With the NSA’s surveillance program, the Foreign Intelligence Surveillance Court has apparently secretly approved the blanket seizure of data on every American so this ‘metadata’ can later provide the probable cause for a particular search. Such indiscriminate data seizures are the epitome of “unreasonable”, akin to the general warrants issued by the Crown to authorize searches of Colonial Americans.
The technology powering the National Security Agency’s illegal domestic spying program would have amazed James Madison and the other framers of the Bill of Rights. In a time when the steamboat was a technological marvel, it would have been unimaginable for the government to collect millions of innocent Americans’ private communications and use computers to look for “suspicious patterns.”
But aside from the technology, the government’s ongoing violation of fundamental civil liberties would have been very familiar to the men who gathered in 1791 to adopt the Bill of Rights.
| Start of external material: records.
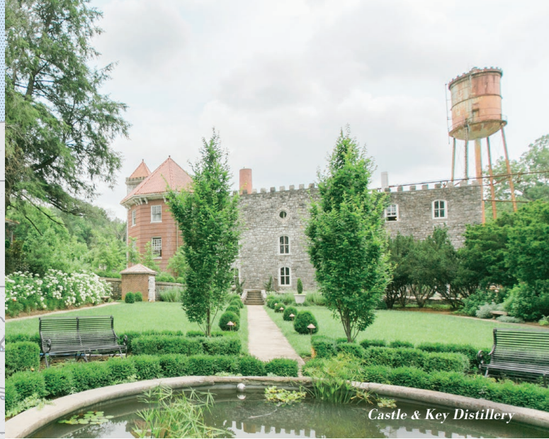
Castle & Key Distillery
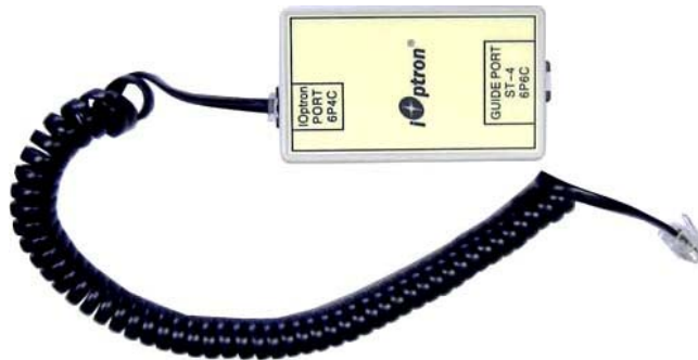
Figure 1. ST-4 adapter and cable

ST-4 Adapter has two ports, as indicated in Figure 1: iOptron Port and Guide Port. Connect one end of supplied 6P4C coiled cable to the iOptron Port of the adapter. Plug the other end into an available HBX port (Port A or Port B socket on the mount.) Connect Guide Port to ST-4 compatible autoguiding equipment using a 6P6C RJ-12 cable (not included).
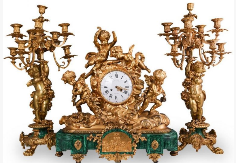
(3 Pc) 19th Cent. French Bronze and Malachite Clock Set
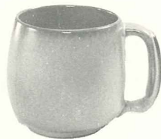
4M—4½"—18 OZ. MUG—3.00
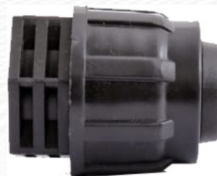
32 mm end cap
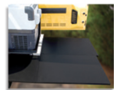
FOLD OUT COUNTER
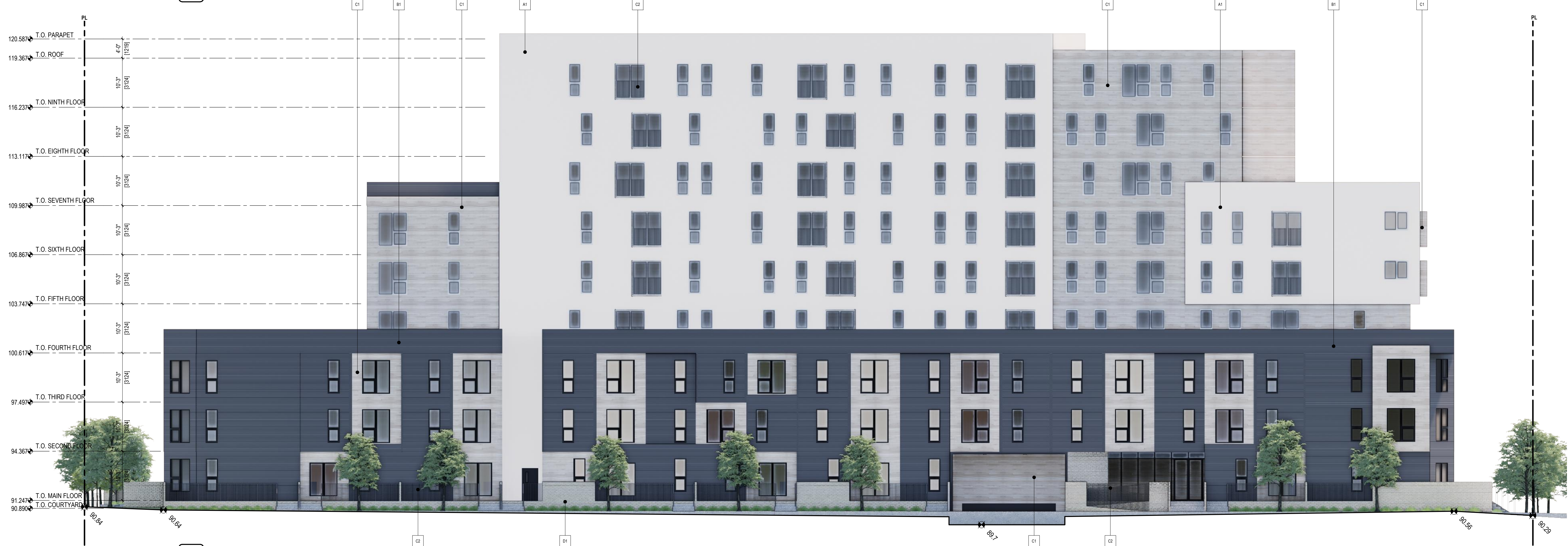
2 BUILDING A - NORTH ELEVATION DP.301 332' - 1'-0"

ARCHITECT FAAS ARCHITECTURE BRIGGS DORRICK-COOPER 403.923.5072 PLANNING C3 PLANNING & DESIGN CHRISTINE MACLIANG 613.890.8349 CIVIL DESIGN WORKS HEATHER BOYD 781.344.0200 LANDSCAPE ARCHITECT CSW LANDSCAPE ARCHITECTS LTD. LISA MACDONALD 613.897.1227 TRANSPORTATION IB GROUP BEN PINOCCIO NEVILL 613.225.1311 ext 64074 ENVIRONMENTAL GRADIENT WIND ENGINEERING JOSHUA FOSTER 613.836.0634

The Founding Fathers battled an 18th century version of the wholesale surveillance that the government is accused of doing today – an expansive abuse of power by King George II and III that invaded the colonists’ communications privacy.
Using “writs of assistance,” the King authorized his agents to carry out wideranging searches of anyone, anywhere, and anytime regardless of whether they were suspected of a crime. These “hated writs”(1) spurred colonists toward revolution (2) and directly motivated James Madison’s crafting of the Fourth Amendment.
We’ve now come full circle. The president has essentially updated this page from King George’s playbook, engaging in dragnet surveillance of millions of Americans, regardless of whether they are suspected of a crime. The founders of this country took steps to limit precisely this sort of unfettered executive power. Will we?